Use Babashka to work with data in Excel Spreadsheets!
bb-excel is a simple Clojure library to work with data in from Excel files without relying on the Apache POI OOXML library. See below for rationale.
Add the following dependency to your project.clj
, deps.edn
, or bb.edn
You can also install it as a bbin utility to convert Excel Sheets to EDN
bbin install com.github.kbosompem/bb-excel --latest-sha
Please note that being a beta version indicates the provisional status of this library, and that features are subject to change.
This library is meant for the simplest of spreadsheets.
The primary function is get-sheet
In the first example below we pull data from a specific sheet within the workbook. It returns a list of hash-maps with :_r key indicating the row within the sheet.
#!/usr/bin/env bb
(require '[babashka.deps :as deps])
(deps/add-deps
'{:deps {com.github.kbosompem/bb-excel {:mvn/version "0.1.1"}}})
(ns demo
(:require [clojure.java.io :as io]
[clojure.pprint :refer [print-table pprint]]
[bb-excel.core :refer [get-sheet get-sheets]]))
;; To specify file can use either filename or file object
;; To specify sheet can use either sheetname or sheet index(started form 1)
(get-sheet "test/data/simple.xlsx" "Shows" )

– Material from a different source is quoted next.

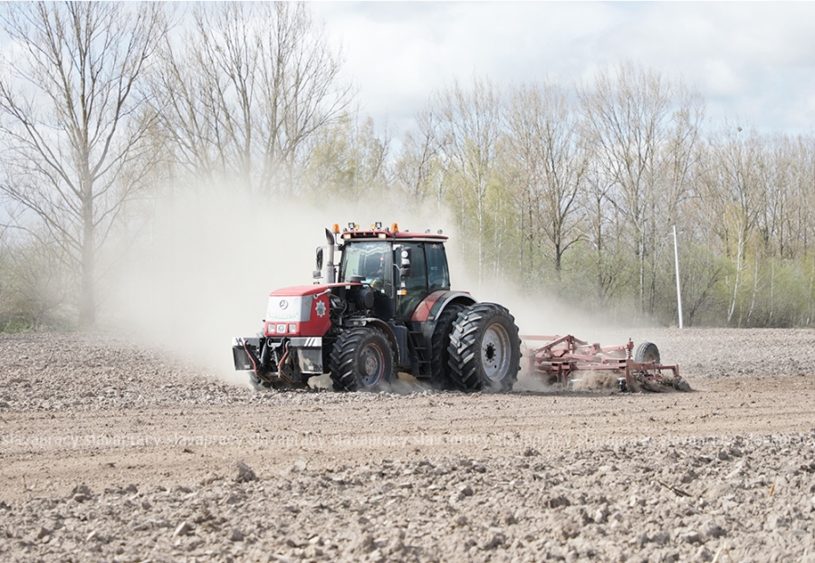В урочище Криница ветрено. Издалека, сквозь плотные столбы пыли, едва видны тракторы, но идут они ровно, без сбоев. Здесь на подготовке почвы на площади 210 гектаров работают трактористы: Василий Чеботарев на МТЗ-3522 с агрегатом-компактором и Андрей Шатило на МТЗ-3022 с агрегатом АКШ. Перед ними стоит не менее важная задача – подготовить площади под сев кукурузы.

(get-sheet (io/file "test/data/simple.xlsx") 1)
;=>
({:_r 2, :A 1.0, :B "Sesame Street"}
{:_r 3, :A 2.0, :B "La Femme Nikita"}
{:_r 4, :A 3.0, :B "House M.D"}
{:_r 5, :A 4.0, :B "Breaking Bad"})
Let's print out the results for better readability
(print-table
(get-sheet "test/data/simple.xlsx" "Shows" ))
| :_r | :A | :B |
|-----+------+-----------------|
| 1 | Rank | TV Show |
| 2 | 1.0 | Sesame Street |
| 3 | 2.0 | La Femme Nikita |
| 4 | 3.0 | House M.D |
| 5 | 4.0 | Breaking Bad |
If there is a header row we can use the values from that row as keys.Set :hdr flag in opts to true and specify the row number.
(print-table
(get-sheet "test/data/simple.xlsx" "Shows" {:hdr true :row 1}))
| :_r | Rank | TV Show |
|-----+------+-----------------|
| 2 | 1.0 | Sesame Street |
| 3 | 2.0 | La Femme Nikita |
| 4 | 3.0 | House M.D |
| 5 | 4.0 | Breaking Bad |
You can also format the keys by providing a function. In the example below we keywordize each heading
(print-table
(get-sheet "test/data/simple.xlsx" "Shows" {:hdr true :fxn keyword :row 1}))

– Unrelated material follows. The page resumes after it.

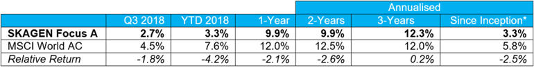 Solid absolute gains driven by strong Japanese performance as several new holdings join the fund. SKAGEN Focus A added 2.7% over the quarter, lagging the MSCI All Country World Index which climbed 4.5%.

| :_r | :Rank | :TV Show |
|-----+-------+-----------------|
| 2 | 1.0 | Sesame Street |
| 3 | 2.0 | La Femme Nikita |
| 4 | 3.0 | House M.D |
| 5 | 4.0 | Breaking Bad |
Another example. skeyword Lowercases, replaces spaces and slashes, excises non-ascii characters and limits to 50 characters every row heading
(print-table
(get-sheet "test/data/simple.xlsx" "Shows"
{:hdr true
:fxn bb-excel.cli/skeyword}))
| :_r | :rank | :tv_show |
|-----+-------+-----------------|
| 2 | 1.0 | Sesame Street |
| 3 | 2.0 | La Femme Nikita |
| 4 | 3.0 | House M.D |
| 5 | 4.0 | Breaking Bad |
That's all well and good but how do we use the same cell addressing format used in excel? For instance if we want B2:C4 then we can leverage the get-range function instead. Now that expects a sheet so
(print-table
(get-range
(get-sheet "test/data/simple.xlsx" "Shows")
"A3:B4"))
| :_r | :A | :B |
|-----+-----+-----------------|
| 3 | 2.0 | La Femme Nikita |
| 4 | 3.0 | House M.D |
To create an Excel Spreadsheet call create-xlsx with a vector of maps. Each map represents a tab/sheet in Excel It requires a :name (String) and a :sheet (Vector of maps) There is an optional :cmap for renaming columns
(create-xlsx "sample.xlsx" [{:name "TestSheet"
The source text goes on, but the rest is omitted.